Bad Teeth follows a cast of young literary men and women, each in a period of formation, in four very American cities – Brooklyn, Bloomington, Berkeley, and Bakersfield. A Pynchonesque treat, it’s four (or more) books in one: a bohemian satire, a campus comedy, a stoner’s reverie, and a quadruple love story. The plots coalesce around the search for a mysterious author, Jigme Drolma (“the Tibetan David Foster Wallace”), who might in fact be a plagiarist. But how does the self-styled arch-magician Nicholas Bendix figure into this? What will happen when SOFA unleashes the “Apocalypse”? And what’s to become of Lump, the cat?
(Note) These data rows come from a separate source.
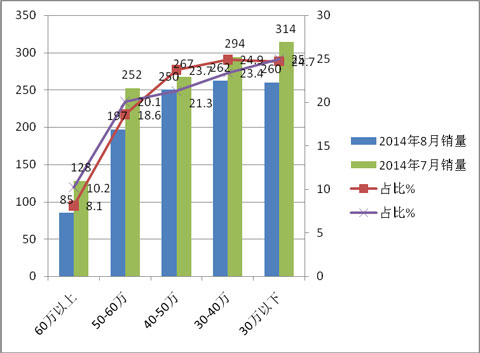 从上图表看出,2014年8月同比大型CNG客车销量最大,增幅最小;其次是中型客车,但增幅次之;销量最小的是轻型型客车,但增幅最大。也就是说中轻型CNG客车的增长是推动2014年8月CNG客车增长的重要动力。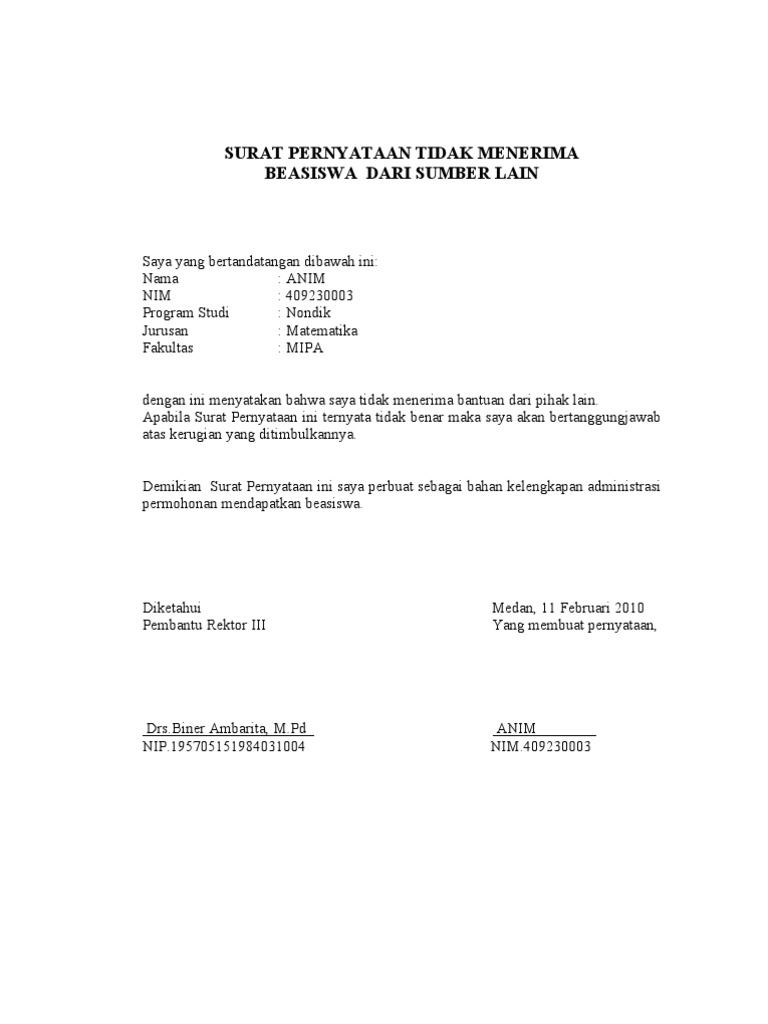 Home » Without Label » Format Surat Bagi Pihak / Surat Keterangan Tidak Sedang Menerima Beasiswa Dari Pihak ... - Contoh surat kiriman rasmi via www.scribd.com.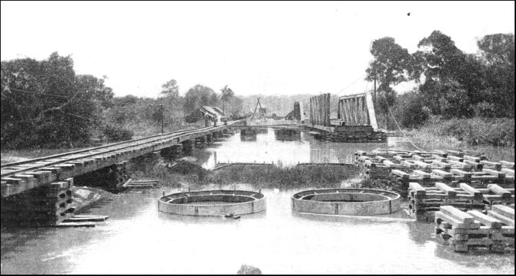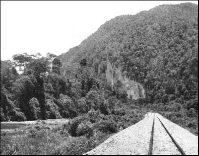 The construction of the East Coast line cutting diagonally across the Peninsula from Gemas was difficult, because of the obstacle of the mountains. The pathfinders tried to obtain a line that would conform in gradient and curves with the lines already built, but the quest was tantalizing. In accordance with general practice, the surveyors endeavoured to turn the courses of the streams to account. They followed one river here, crossed another there, and picked up another elsewhere, as far as the watershed, and then followed a similar practice down the opposite slope. In this manner the surveyors brought back proposed locations conforming to the general scheme of the railways—no gradient steeper than 1 in 100, and no curve of sharper radius than 1,910 ft. In the search for an easy gradient, the first trial line was run from Gemas Station up the valleys of the Muar and Serting rivers for thirty-two miles. Then it struck almost due north, crossing the Triang River, to pick up the Pahang River, to which it clung for six miles to the junction of the Semantan and Pahang rivers at Temerloh. But this line had the disadvantage of requiring heavy development work between the fourteenth and twenty-fifth mile-posts, so an alternative line was driven. This avoided tunnelling, but introduced sharper curves to round the spurs thrusting themselves upon the Muar River, and also heavy bridging, although the gradient was maintained. Also, the deviation increased the length of the line by two miles. Although this second route would have cost nearly £10,000 a mile it was cheaper than the first. Further consideration of the surveys induced the chief resident engineer, in charge of work in the field, to try to find a third route. He instructed the surveyors to explore the lie of the land farther to the east, with the result that a third and superior line was adopted. This abandons the original alinement altogether upon leaving Gemas Station, bearing more to the north, and crossing the Muar River near the sixth mile-post. After leaving the river it swings towards it and then turns away again. At the twenty-third mile it crosses the Bahau and Serting rivers, and the Triang River at mile 55-1/2. The Pahang River is approached, but not crossed, and at Temerloh, seventy and a half miles from Gemas, the temporary railhead was planted. This location reduced the mileage by about eight miles, eliminated all heavy work, and pulled the costs down to £7,990 per mile, inclusive of rolling-stock. The surveyors found the country sparsely populated. Two miles from Gemas they discovered a small native village, or kampong, of about forty people, engaged in the breeding of buffaloes, the cultivation of rice, and the collection of jungle produce which they exported by means of the river. Small settlements were discovered at intervals up to Rompin, where the surveyors found a Malay village of seventy inhabitants. Throughout the next few miles only a few isolated huts were seen, these being occupied by Sakais, the aborigines, who eke out a living by cultivating maize and yams. Bahau was only a small Malay kampong ; but from a point two miles beyond, to Kuala Pilah, the country was fairly well populated by Malays. One stretch of country, thirty-five miles in length, was practically devoid of human life, only Sakais being met at intervals. Near the Triang River the Malays were numerous, as they were when the Pahang River was approached. For about two-thirds of the distance the alinement ran through virgin jungle that yielded very little serviceable timber, the trees rarely exceeding 2 ft. in diameter. Plenty of coarse sand, suitable for ballasting and mortar, as well as a clay for making bricks, was found along the route. From Temerloh, the next stage northward was to Kuala Tembeling, 117 miles. This section is roughly parallel with the Pahang River, which flows into the China Sea, and the line was set back so that a fairly straight alinement, avoiding the windings of the river, was presented. The country traversed was practically uninhabited virgin jungle. There were settlements on the banks of the river, the highway of the natives, but these did not penetrate the forest to any distance. This population became more scanty as the railway pushed northwards, the villages being very small and infrequent, and peopled by natives of an inferior type. There was no sign of any industrial activity along this length of the line.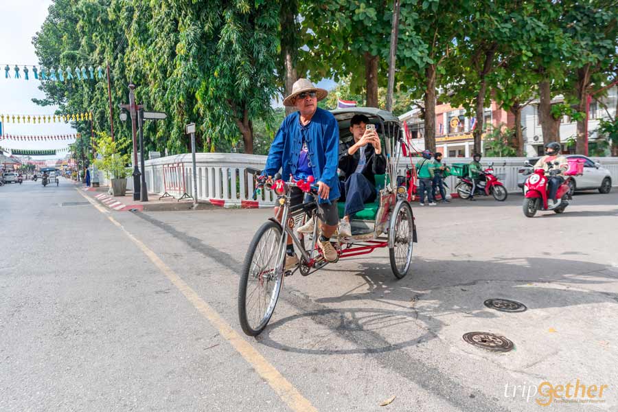 ทริปนี้เราเริ่มต้นกันตั้งแต่เช้าแบบสโลว์ไลฟ์ ด้วยกิจกรรมที่เรียกว่าเป็นเอกลักษณ์ของที่นี่เลย นั่นก็คือ นั่งสามล้อถีบลำพูน ไปตามถนนรอบคูเมือง

Mind of Winter by Laura Kasischke (Harper)
On another Christmas morning thirteen years ago, she and her husband Eric were in Siberia to meet the sweet, dark-haired Rapunzel they desperately wanted. How they laughed at the nurses of Pokrovka Orphanage #2 with their garlic and their superstitions, and ignored their gentle warnings. After all, their fairy princess Tatiana—baby Tatty—was perfect.
As the snow falls, enveloping the world in its white silence, Holly senses that something is not right, has not been right in the years since they brought their daughter—now a dangerously beautiful, petulant, sometimes erratic teenager—home. There is something evil inside this house. Inside themselves. How else to explain the accidents, the seemingly random and banal misfortunes. Trixie, the cat. The growth on Eric’s hand. Sally the hen, their favorite, how the other chickens turned on her. The housekeeper, that ice, a bad fall. The CDs scratched, every one.
But Holly must not think of these things. She and Tatiana are all alone. Eric is stuck on the roads and none of their guests will be able to make it through the snow. With each passing hour, the blizzard rages and Tatiana’s mood darkens, her behavior becoming increasingly disturbing and frightening. Until, in every mother’s worst nightmare, Holly finds she no longer recognizes her daughter.
I Remember You: A Ghost Story by Yrsa Sigurdardottir (St. Martin’s Griffin)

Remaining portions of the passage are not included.